Zhalou breaks up with Naiqian, because he does not love her and is only excited by her body, but insisting that he once did love her, and that their love has faded.  Naiqian is upset by the breakup, and tells Zhalou that she is divorcing her husband Lin.  Unaware that Zhalou has been sleeping with Naiqian, Lin approaches Zhalou and asks him to intervene in the divorce.  Lin feels that the divorce would hurt his children, and he and Zhalou both fantasize about killing Naiqian.
Zhalou wins the job of Vice President and sends word to his family, who are on vacation without him.  Naiqian comes to Zhalou's apartment, begging him to have sex with her again.  After Zhalou refuses, she becomes upset, and says that while she will not tell his family, she will prevent him from leaving her without consequence.  Later that day, Zhalou gives his acceptance speech for the Vice President position, and although he knows Naiqian is in the crowd, he ignores her completely.

ANALYSIS
This novella is about what makes a person human.  Zhalou was upset by the lifelessness of the corpse he dissected in school, indicating that he has a passion for the human spirit.  The urges Zhalou felt for Naiqian were, as Zhalou describes them, primitive, and he describes the emotion he felt when beating his son similarly.  Scholarly pursuits give Zhalou a sense of self-worth because they demonstrate to him that he is not an animal or a corpse.  Morality also factors into his perception of humanity as he feels compelled to act out of interest for his family.  Zhalou has control over himself, which he feels makes him dissimilar to animals and corpses, thus making him human.  When Zhalou ignores the woman who ignited his primitive desires to focus on his scientific achievements and the moral sanctity of his family, he realizes what he feels is his full potential as a human.
Zhalou's need to prove himself as being extraordinary is complicated by the fact that he comes from rural Fujian, CN, and is seeking to prove himself to elites in urban Beijing, CN, who initially viewed him as being primitive because the elites of Beijing, CN stereotype rural areas and their inhabitants as being primitive.  Additionally, Zhalou is much younger than his peers of similar stature.  His youth represents a perceived inadequacy to some and he is eager to prove that what he lacks in age he makes up for in capability.  By conquering temptation, he has conquered the demise that his enemies expect he will meet.  Zhalou's successful cessation of his extramarital affair represents a victory for him on multiple levels.
This book was great!  Without preaching or generalizing, this book takes the reader along for the journey of a young professional accomplishing their personal goal, which is what I certainly want to do in my life, making me all the happier for Zhalou.

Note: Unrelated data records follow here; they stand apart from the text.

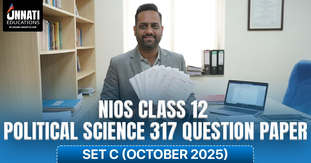 The NIOS Class 12 Political Science 317 Question Paper (Set C) of October 2025 clearly reflects NIOS’s focus on conceptual understanding, clarity of political ideas, and structured answer writing. The paper is syllabus-based, balanced between Indian and global politics, and designed to test both knowledge and explanation skills. This detailed analysis explains the paper structure, section-wise pattern, topic coverage, and preparation direction for students appearing in the 2026 examination.
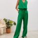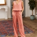 Casual Solid Color V-neck Sleeveless Drawstring Wide-leg Jumpsuit
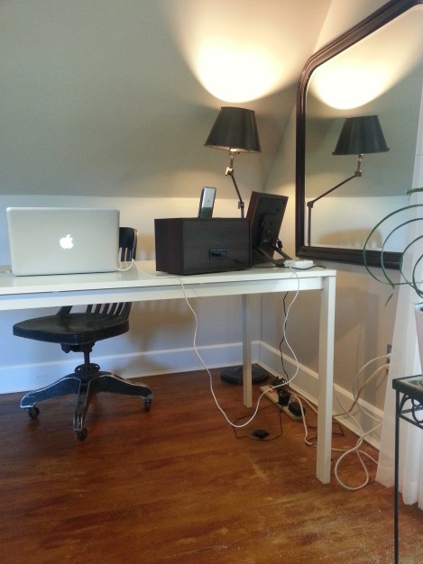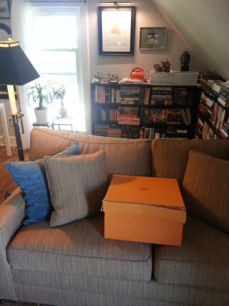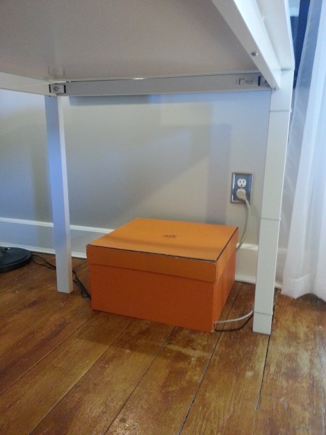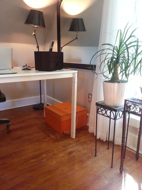 SWEET BUDDHA, NO! NOT NEXT TO MY RECLAIMED MID-CENTURY MODERN CHAIR! (I’m difficult to live with.) I’ve known for some time that I had a problem, but I didn’t want to deal with it. I couldn’t think of a solution. I thought that I might somehow attach a power strip to the table, but I didn’t think that would be very nice, so I left it alone. Today, though, I could deal no longer, so I tried to sit on the couch. I couldn’t though, because a giant Hermès box was sitting there. First world problems.
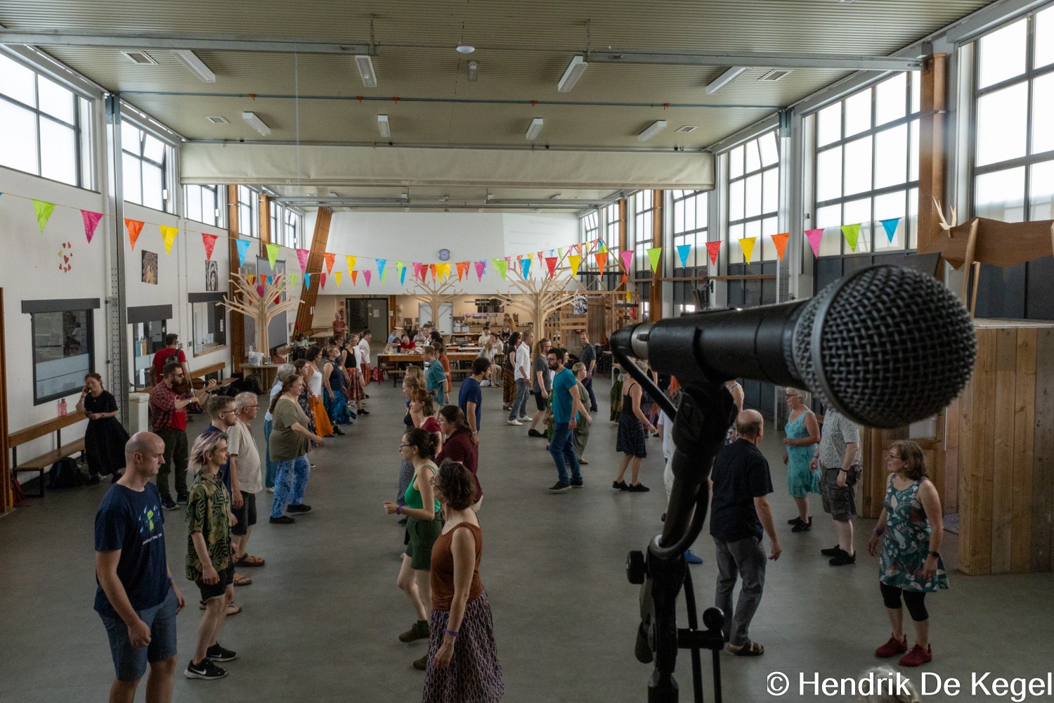 L’école secondaire De Prins nous offre beaucoup de facilités: des lieux pour ateliers, une cuisine, un dortoir, de bonnes toilettes, un espace de camping et dès cette année même deux belles salles pour danser. Il y a de la place pour 250 danseurs, et ça suffit pour pouvoir organiser un bon festival avec un budget raisonnable.
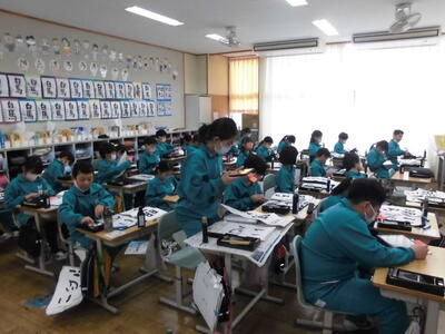 2年1組はタブレットで動画を作成しました。2年生すごいです。
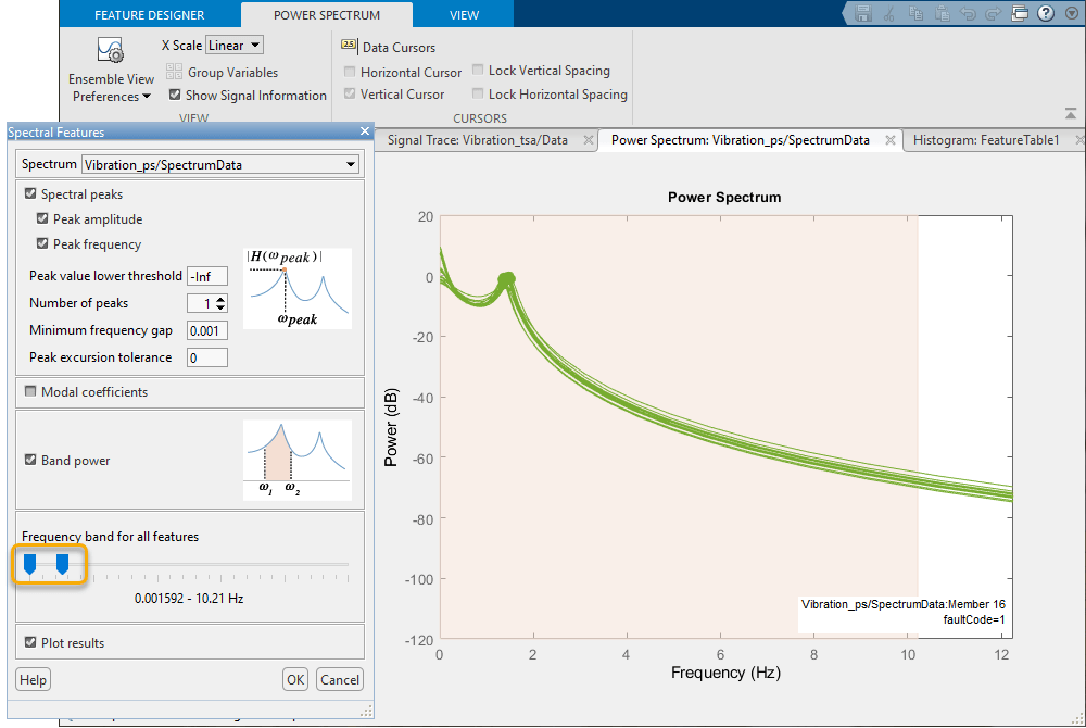 Вычислите спектральные характеристики по спектру мощности, сгенерированному ранее. Щелкните Спектральные элементы (Spectral Features). В поле «Спектр» выберите Vibration_ps/SpectrumData.
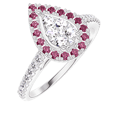 « L'ATELIER » Nº211615Anillo Oro blanco 18 quilates - Conjunto de diamantes naturales Pera equivalente 0.5 - Halo Rubí - Engastado Diamante 5 (13)
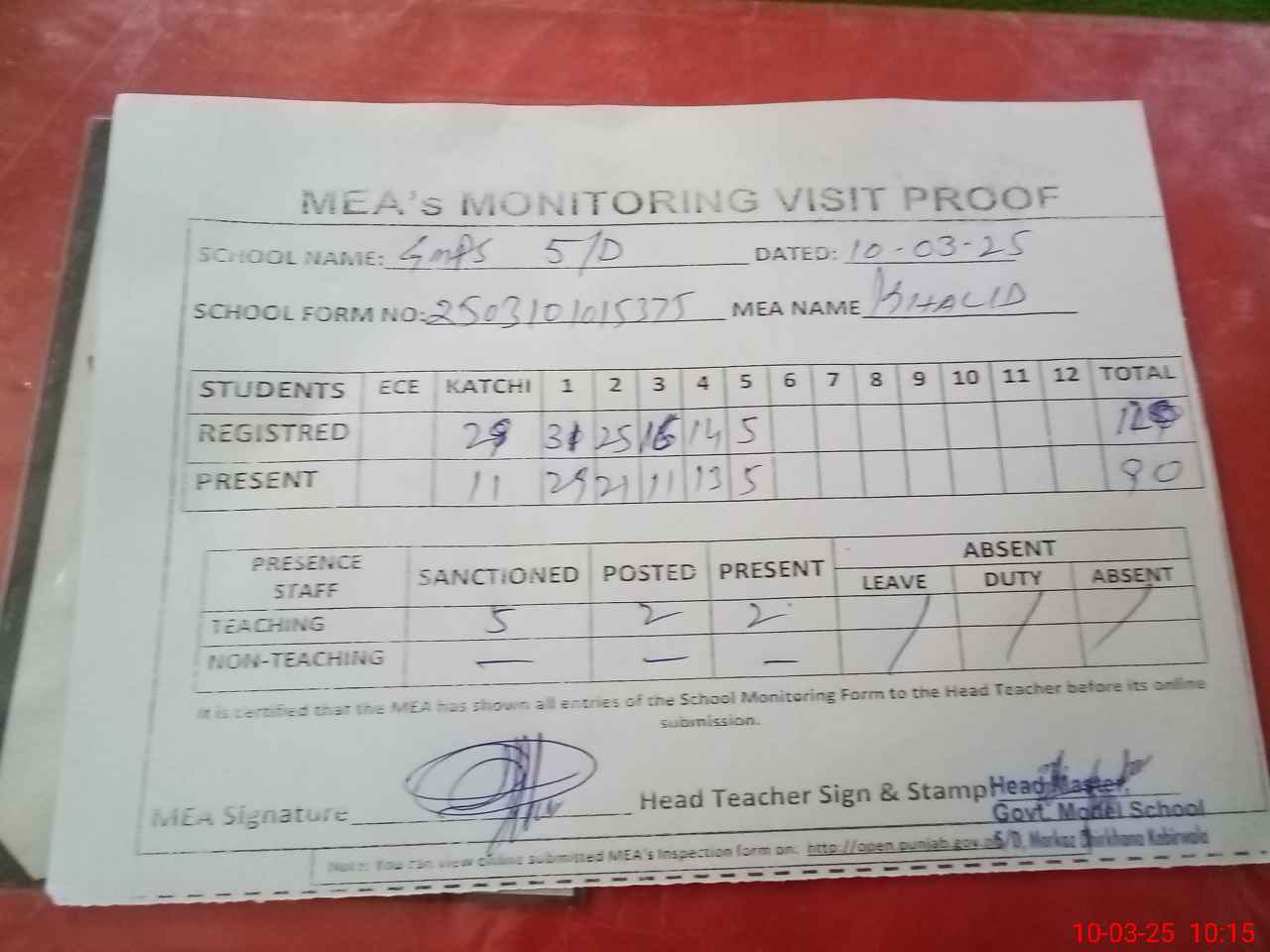 | EMIS Code: 36410466 | Name of School: GMES 5/D DARKHANA, ABDUL HAKIM | |||
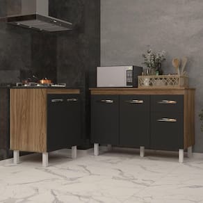 Balcão Para Cooktop 5 Bocas Fran E Armário Aline 118 Cm Cozinha Gabinete Savana Preto Com Tampo Tampão Savana Transforme sua cozinha com este Kit, que une funcionalidade e design! Inclui um balcão Aline de 120 cm com tampo, perfeito para preparo de alimentos e refeições, e um balcão Fran para cooktop de 5 bocas, projetado para instalação segura e organizada. Com materiais de alta durabilidade e acabamento sofisticado, este kit é ideal para quem busca otimizar o espaço com estilo. Modernize sua cozinha com um produto que combina praticidade, qualidade e design! Garanta já o seu e aproveite a comodidade que sua cozinha merece! Características do Balcão:
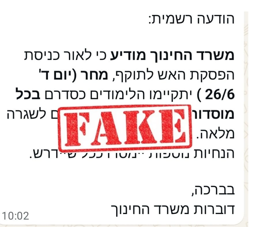בניגוד לפרסומים השונים, לא ניתנה הנחיה לפתיחת מוסדות חינוך למחר. ההחלטה כפופה לאישור פיקוד העורף והשלמת כלל בדיקות הביטחון הנדרשות במוסדות.
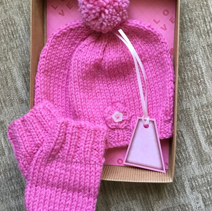 This hat and mittens set has been hand knitted in a pure wool good quality yarn to keep tiny heads and fingers warm.
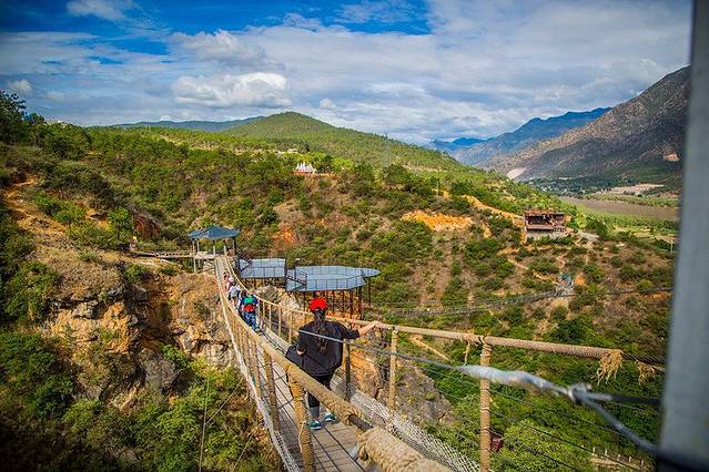 刚走进景区,就是一个长长的吊桥,通过吊桥便是一个很大的玻璃的观景台,清澈的蓝天白云下面,可以看见金沙江水滚滚而过。

  • Accomplished scientist begins an affair on a lecture tour
  • Scientist is offered a chance to interview for a promotion
  • Scientist breaks up with the person he was dating
  • Scientist achieves the promotion

SOURCE
Liu, Heng. "Whirlpool." The Obsessed. Trans. David Kwan. Beijing, China: Chinese Literature, 1991. N. pag. Print. Book about a scientist conquering temptation.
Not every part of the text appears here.